Urbain Altéré
digital video (3840 x 2160), colour, sound, 3’ 25”, 2024, Switzerland
created by Pascal Greco
In Urbain Altéré (2024), Pascal Greco expands his investigation into the aesthetic and conceptual potential of game environments by shifting from still in-game photography to machinima. Created entirely within Stray (BlueTwelve Studio, 2022), this video navigates a virtual cityscape that evokes a speculative Hong Kong, now abstracted through layers of simulation, ambient sound, and procedural texture. The work eschews narrative in favour of observational drift, capturing overlooked architectural surfaces such as air conditioners, stairwells, neon signage, crumbling facades with a sensibility drawn from both street photography and cinematic slow time. Greco’s camera lingers on the habitual and uneventful, reframing synthetic urban detritus as material for meditative study. Backed by an AI-generated soundtrack, Urbain Altéré is less a portrait of a place than an ambient excavation of atmosphere, surface, and disappearance. In traversing this hyperrealistic non-place, Greco probes the boundaries of authorship, memory, and image-making in a context where photography is no longer indexical, but remediated through simulation.

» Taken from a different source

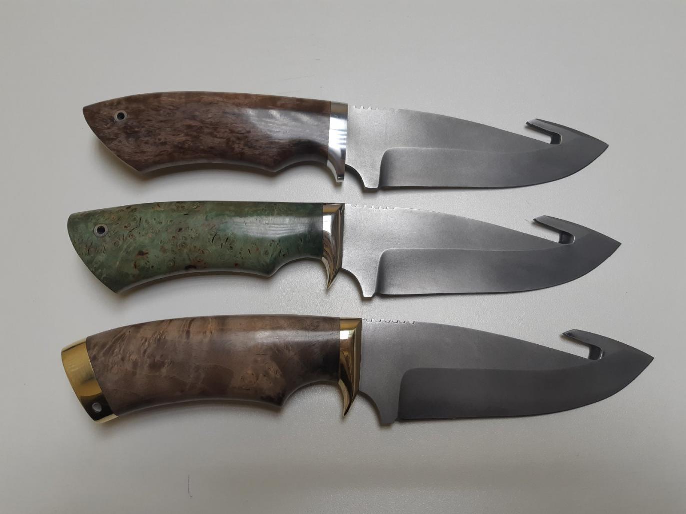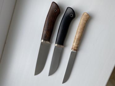 Срок изготовления затянулся по форсмажорным обстоятельствам,поэтому ножи приехали уже на нг.Я успел ободрать только одного козлика,а это не показатель. Ручка к руке приятно прилипает и лежит как влитая .Цена чуть больше 10 т.р(скидка за заказ трех ножей).

Pascal Greco is a Swiss-Italian filmmaker and photographer based in Geneva. A self-taught artist working across cinema, photography, and digital media, his work explores the interplay between architecture, landscape, and technological mediation. His practice spans urban typologies, natural environments, and increasingly, virtual spaces generated within video games. His projects have been exhibited internationally and featured in The Guardian, Vice, CNN, and Monocle. Key publications include Kyoshu (2007), No Cliché (2013), and Hong Kong Neon (2021), a visual study of a disappearing cityscape. During the COVID-19 lockdowns, Greco turned to digital environments, producing Place(s) (2021) in Death Stranding, and Place(s) Space(s) (2024), a machinima exploring duration and presence. Recent works such as Kwai Shing West Estate and Urbain Altéré (both 2024) continue his investigation into memory, simulation, and digital authorship.